Former moderators for TikTok sued the social media giant on Thursday over the emotional cost of the disturbing and graphic content they were exposed to on the job

March 25, 2022 8:24am

Updated: March 25, 2022 8:24am

Former moderators for TikTok sued the social media giant on Thursday over the emotional cost of the disturbing and graphic content they were exposed to on the job, reports NPR.

"Underage nude children was the plethora of what I saw," said Ashley Velez, one of the plaintiffs and mother of two. "People like us have to filter out the unsavory content.

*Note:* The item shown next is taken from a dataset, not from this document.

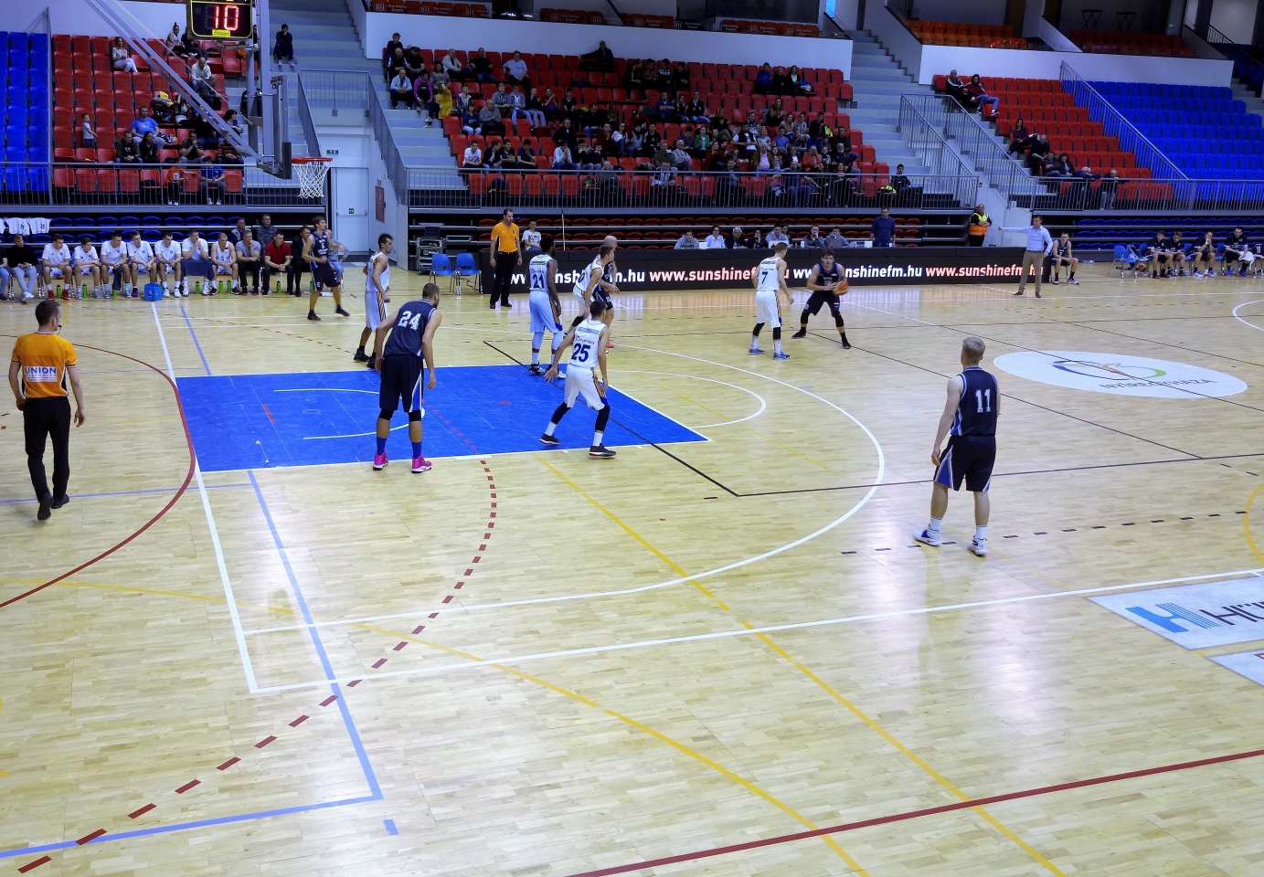 Nehezen lendültek játékba a küzdő felek, négy perc után még csak 3-3-at mutatott a nagyon szépen felújított Continental Aréna (korábban Bujtosi sportcsarnok) eredményjelzője. A következő percekben belelendült csapatunk, és különösen a végig remekül játszó Jakab Péter és az igencsak belelendült Horváth Kristóf találataival elhúztunk. Amikor Baross Kristóf hét perc játék után értékesítette Jakab gólpasszát, 5-14-re alakult az állás. Utána viszont többször is hibáztunk, miközben a hazaiak a mindenhonnan betaláló Nagy Krisztián és az amerikai légiós center, Emani Michael Gant pontjaival az etap végére egy pontra felzárkóztak (17-18).

Somebody has to suffer and see this stuff so nobody else has to."

Velez and another former moderator, Reece Young, have filed a federal lawsuit seeking class action status against TikTok and its parent company ByteDance, accusing it of negligence and saying it broke California labor laws by not protecting them from the emotional trauma caused by reviewing hundreds of “highly toxic and extremely disturbing” videos every week.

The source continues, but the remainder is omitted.